Поблагодарив мистера Микласа, который проводил их до выхода, они не спеша зашагали по Седьмой авеню.

– Эта квартира дешевле той, – начала Розмари, стараясь говорить так, словно практические соображения для нее важнее всего.

– В ней на одну комнату меньше, зайка, – возразил Гай.

Розмари некоторое время шла молча, потом сказала:

– Здесь район лучше.

– О, да, – согласился Гай. – Отсюда я пешком могу дойти до любого театра.

Приободрившись, Розмари забыла о практических соображениях.

– О, Гай, давай возьмем ее! Пожалуйста! Ну пожалуйста! Такая чудесная квартира! Просто она о ней ни сколечки не заботилась, эта старая миссис Гардения. Гостиную можно сделать... можно сделать красивой, и теплой, и – ох, Гай, пожалуйста, давай снимем эту квартиру, ладно?

– Конечно, – улыбнулся Гай. – Если сможем отказаться от той.

Розмари радостно схватила его за руку.

– Сможем! – воскликнула она. – Ты что-нибудь придумаешь, я уверена!

Из застекленной телефонной будки Гай позвонил миссис Кортес, а Розмари снаружи старалась по губам прочесть, что он говорит.
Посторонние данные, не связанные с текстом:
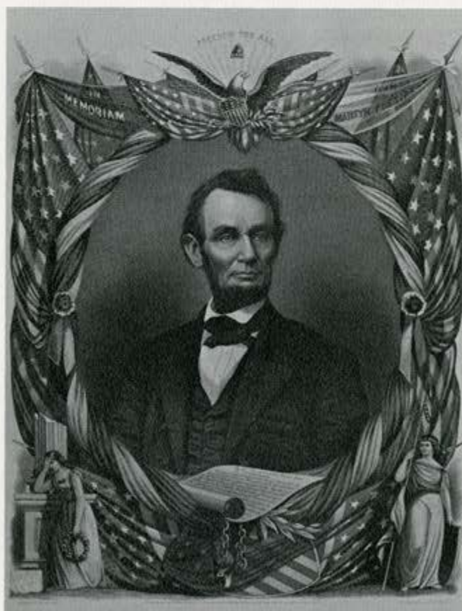
From the Louis A. Warren Lincoln Library and Museum

The passage of Stephen A. Douglas's Kansas-Nebraska Act
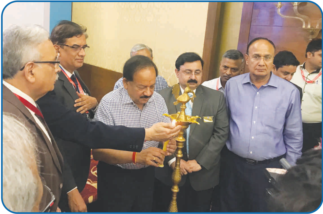
Inaugural Ceremony, ISA Delhi State Chapter Annual Conference, Delhi (13 April 2019)
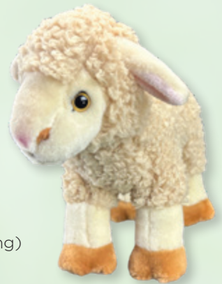
Barbarella (Sheep, 22cm standing)
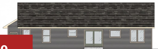
REAR ELEVATION SCALE: 3/4" = 1'-0"
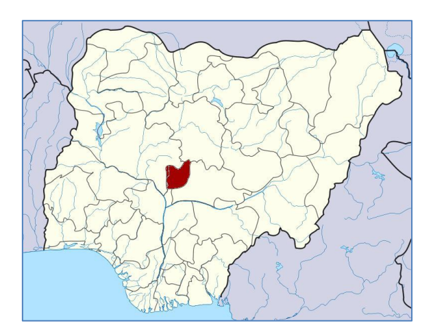
Fig. 1: Nigeria map showing location of Abuja highlighted

This research will be carried out in the Federal Capital Territory Abuja, which is the capital city of Nigeria, with an estimated population of 5 million (Federal Capital Territory Administration, 2014). Abuja hosts many on-going construction activities, and it is expected that majority of the construction firms there are aware of project cost control practices. The geographical location of Abuja in Nigeria is shown in Fig 1.
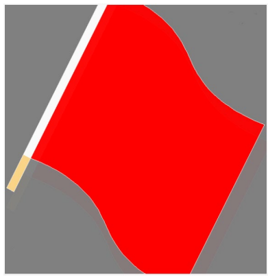
Red Flag - Signals that the track is not safe to proceed at any speed.

No racing to the yellow flag & No passing allowed. Hold your position. Yellow Flag laps will not count. ( Unless specified for special events ) The re-start line-up will be determined from the last <u>scored</u> green flag lap.
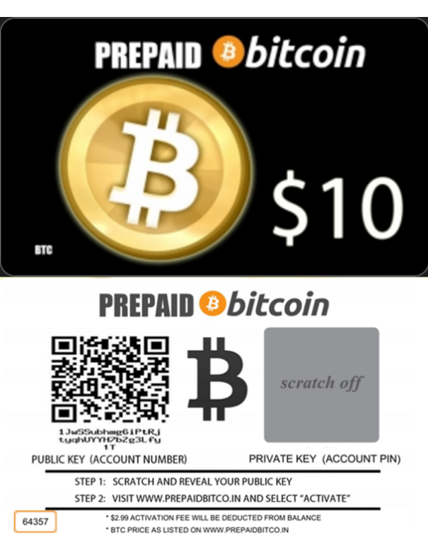
Fig. 2 Example of a Prepaid Bitcoin card [25].

For the third assumption: this is difficult to implement until Bitcoin becomes a widely accepted currency. In general, users can obtain BTC through Bitcoin ATMs, online and offline exchanges, accepting BTC as payment, by buying from friends, and through mining. In the proposed system, it is ideal that the administrator (or government) provides all necessary Bitcoin expenses, so that the voters do not need to spend any money. However, a voter cannot reveal the Bitcoin address that he/she will use for voting to any other entity without compromising his/her anonymity and privacy. The most viable option is for the administrator to provide Prepaid Bitcoin cards (PBCs) [25] to all eligible voters. PBCs are physical or virtual cards that are pre-loaded with BTC. A PBC contains a public Bitcoin address with a pre-loaded amount of BTC and the corresponding private key, which is covered and can be scratched off, as shown in Fig. 2. The PBCs that will be used for the proposed e-voting system can be created by a third-party or by the administrator itself.
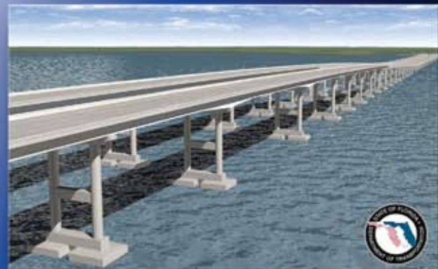
I-10 Escambia Bay Bridge Pensacola, Florida

Bridges for the 21st Century www.pbworld.com
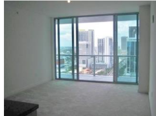
AXIS unit# 1403-S. BRICKELL
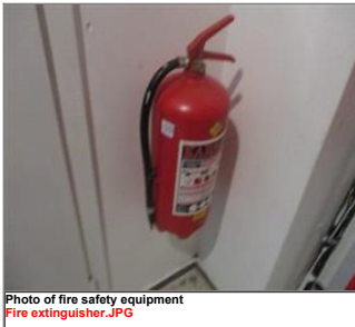
Photo of fire safety equipment Fire extinguisher.JPG
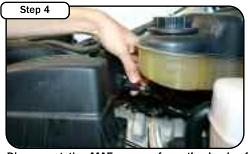
Disconnect the MAF sensor from the back of the air box.
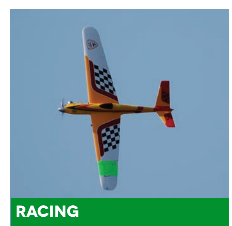
Earn a win by pushing your machine and your mettle.
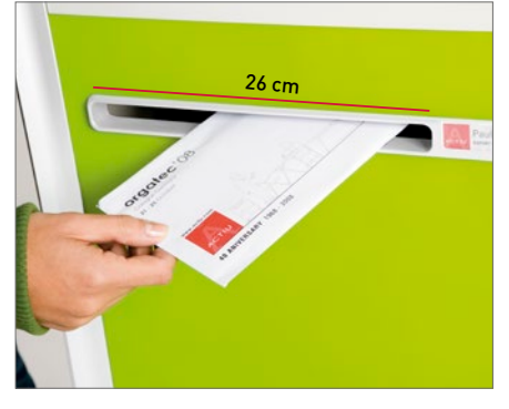
Letter box available on selected models 26 cm width and 2 cm high
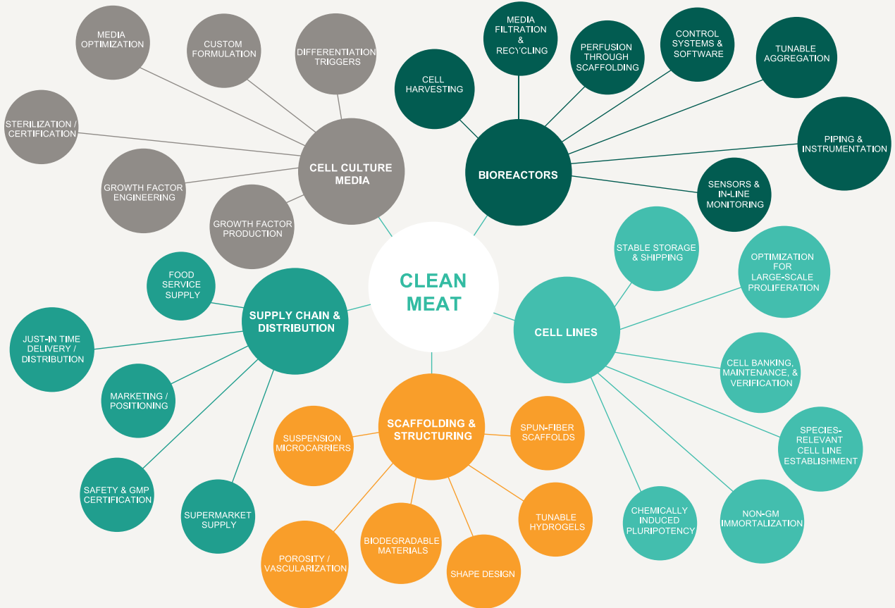
Figure 1. This conceptual mind map illustrates the primary elements for development and production of clean meat at large scale. Illustration courtesy of The Good Food Institute

quantities of cells multiply. Initially, donor cells are harvested from an animal either through live biopsy, immediately after slaughter, or from an embryo. After the initial harvest, there are a number of methods for sustaining the cells' capacity to proliferate continuously, thereby reducing and ultimately eliminating the need to isolate new cells. Companies are exploring several types of cells in various stages of differentiation to determine which cells exhibit optimal performance for both proliferation and maturation into the desired final cell types.
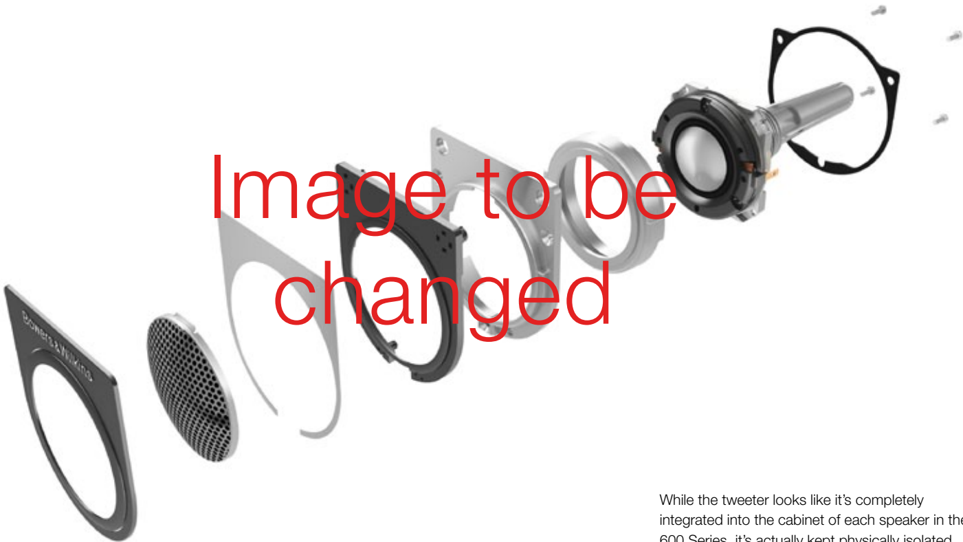
Image to be changed

When designing a tweeter, the goal is to make the diaphragm light yet stiff to reproduce high notes accurately with a pistonic back-and-forth motion and minimal distortion. The 600 Series does this beautifully, borrowing high-end tweeter technology from Bowers & Wilkins award-winning CM10 speaker. Its double dome design uses an extremely thin aluminium dome for lightness, surrounded by a thicker aluminium ring for rigidity; these combine to stop the voice coil from distorting. The result is a treble performance so pure and precise it will take your breath away.
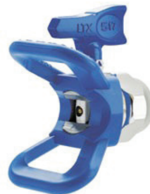
Typical LTX Sprayer Nozzle

The use of spray tip with a smaller orifice will result in less product being delivered to the substrate requiring multiple passes to ensure a complete coating with optimum thickness.
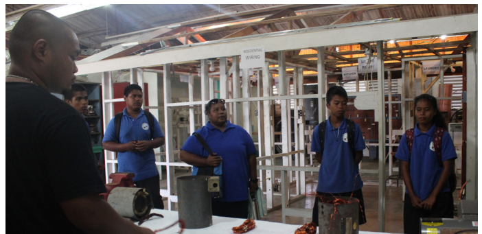
Electronics Technical Program showcase electronic motors to Aimeliik Elementary School 8th graders
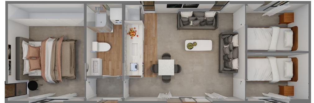
Pukeko | Three Bedroom

Миссис Кортес сказала, что дает им время до трех часов; если до тех пор они не позвонят, она даст знать следующим в списке.
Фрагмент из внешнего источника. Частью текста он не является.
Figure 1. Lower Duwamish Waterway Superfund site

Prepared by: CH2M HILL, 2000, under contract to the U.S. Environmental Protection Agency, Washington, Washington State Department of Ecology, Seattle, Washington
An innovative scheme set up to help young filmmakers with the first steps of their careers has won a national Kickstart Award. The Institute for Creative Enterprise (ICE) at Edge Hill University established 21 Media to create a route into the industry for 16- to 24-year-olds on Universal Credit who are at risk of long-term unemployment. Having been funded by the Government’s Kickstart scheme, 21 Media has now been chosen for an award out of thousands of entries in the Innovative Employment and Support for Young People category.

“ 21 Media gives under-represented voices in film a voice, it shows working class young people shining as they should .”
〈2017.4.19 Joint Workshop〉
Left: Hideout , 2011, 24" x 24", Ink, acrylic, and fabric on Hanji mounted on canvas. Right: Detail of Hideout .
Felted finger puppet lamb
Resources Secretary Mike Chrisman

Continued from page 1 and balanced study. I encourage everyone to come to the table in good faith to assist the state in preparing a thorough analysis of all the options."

Они отправились в “Русскую чайную” и заказали “кровавую Мэри” и сэндвичи с курицей на черном хлебе.

– Можно сказать, что я должна лечь в больницу, – предложила Розмари.

Но этот довод не показался им убедительным и неопровержимым. Взамен Гай сочинил целую байку: их труппа со спектаклем “Давай похвастайся” уезжает на четырехмесячные гастроли во Вьетнам и на Дальний Восток по линии ООВОС (Объединенной организации обслуживания вооруженных сил). Исполнитель роли Алана сломал ногу, и если он, Гай, отлично знающий текст, его не заменит, отъезд придется отложить по крайней мере на две недели. А это нехорошо, ведь там ребята ведут бои с коммунистами. А его жене придется на время уехать к родителям в Омаху...
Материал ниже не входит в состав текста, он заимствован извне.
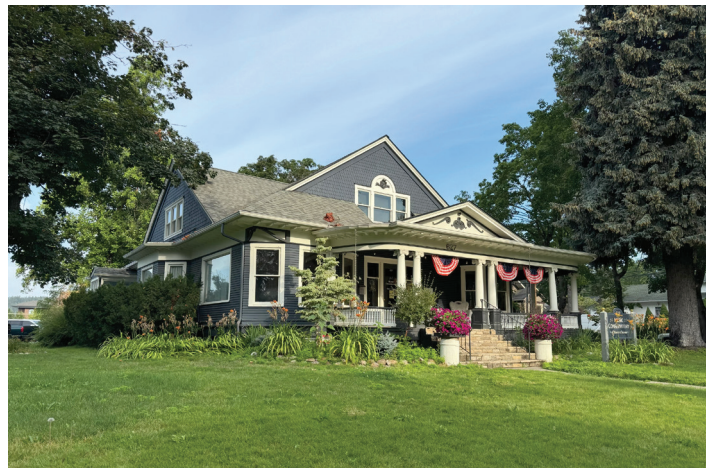
Hamilton, Boyd and Alta House Coeur d'Alene, ID (NRHP #100007118)

Recreation and tourism demands are increasing in Idaho, from the growing number of new residents as well as from external visitors. According to the Idaho Department of Commerce, the tourism sector of "Arts, entertainment, and recreation" grew 39% in direct earnings between 2019 - 2023 and grew 12.8% in direct employment. Statewide, direct state tax receipts for all tourism sectors increased 34.7% during that same time period. Many surveys throughout the country consistently show that historic sites are among the most popular destinations for vacation travelers. As such, Idaho's communities have an opportunity to capitalize on this desire for heritage tourism by highlighting historic properties in ways that may draw tourism dollars into the local economy.
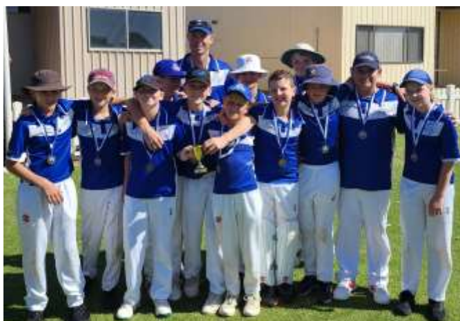
Murrabit Cricket Club U13 2024 Premiership team

Congratulations to all the young people in our district who have won their respective grand finals in the past few weeks in their chosen sports. We have had champions in cricket, tennis and basketball. Isn't it great to see that we have so many young people keeping our sporting clubs alive. Pictured below is the U13 2024 Murrabit Premiership team and Junior Murrabit Tennis Club Premiers. WELL DONE!
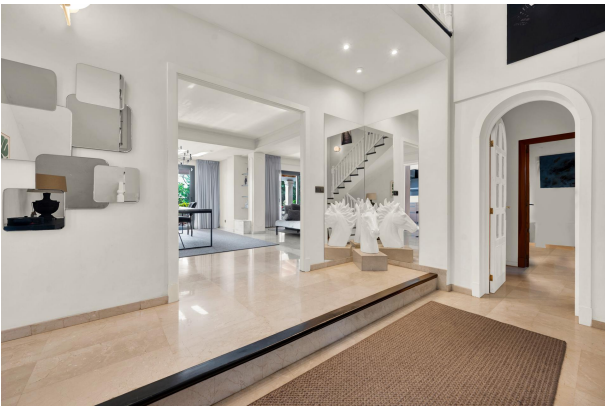
Beautiful dining area
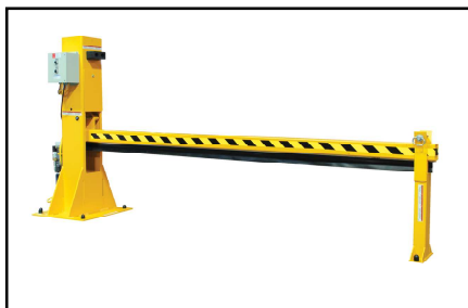
Dock Barricades (Electric/Hydraulic & Winch)
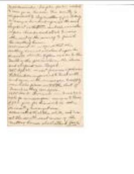
M. Hall's Notes on Congregational Church History pg. 4 (Coll. 003 Fold. 063 Doc. 004)
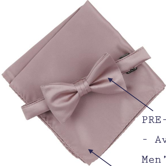
PRE-TIED BOW TIES - Available in Men's & Boy's
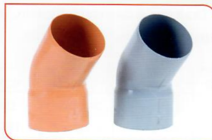
Elbow 45° - One Side Socket 50mm - 75mm - 110mm - 160mm
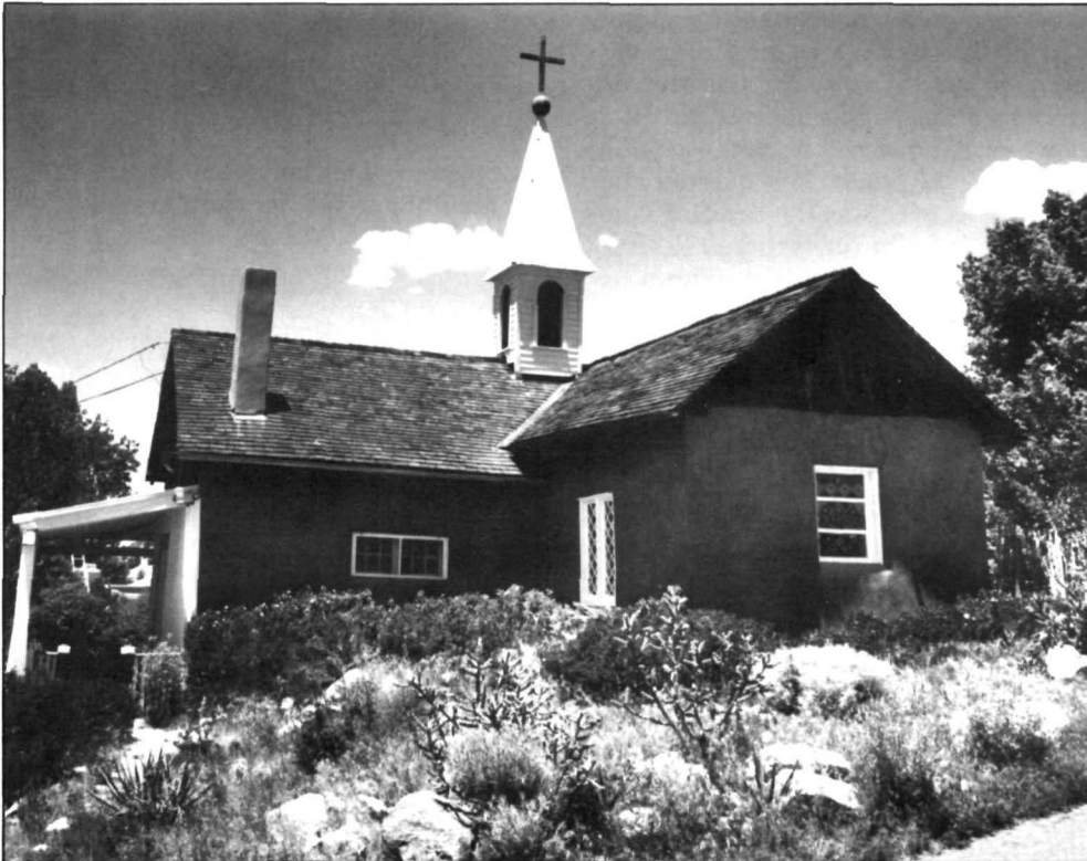
Archbishop Lamy's Chapel, Santa Fe County, New Mexico: chapel used from 1874 to 1909 by Archbishop Jean Baptiste Lamy, whose successes in reviving missions and establishing schools, hospitals, and other social institutions greatly improved community life in his jurisdiction.

houses were built in the 1910s and 1920s in the prevailing Neo-Classical styles. The Reno County Courthouse maintains a very high degree of interior and exterior architectural integrity and is a significant example of the Art Deco style as interpreted in a pre-Depression designed public building.
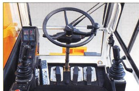
Rops and Fops cab, comfortable, sound-proofed, with excellent visibility.
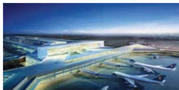
Hongqiao International Airport and Transportation Junction, Shanghai, China
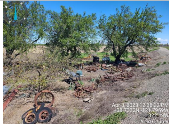
View of equipment on landside toe. Spring 2023.
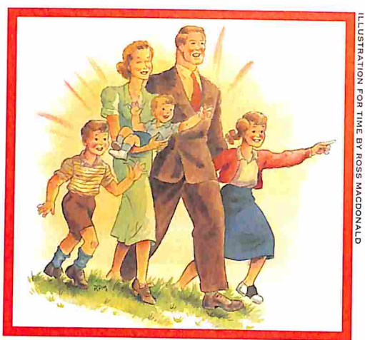
Backlash: Patients unhappy with their HMOS demand their rights (see MANAGED CARE 1998)

Он дважды прорепетировал свой рассказ и направился к автомату.

Держа под столом руку с суеверно скрещенными пальцами, Розмари маленькими глоточками пила коктейль. Она думала о квартире на Первой авеню, куда ей так не хотелось перебираться, и мысленно перечисляла ее достоинства: сверкающая новая кухня, посудомоечная машина, вид на Ист-Ривер, центральное отопление...

Официантка принесла сэндвичи.

Мимо прошла беременная в обтягивающем синем платье. Розмари проводила ее взглядом. Должно быть, месяцев пять-шесть... Беременная весело болтала с другой женщиной, постарше, у которой руки были заняты пакетами, – наверное, со своей матерью.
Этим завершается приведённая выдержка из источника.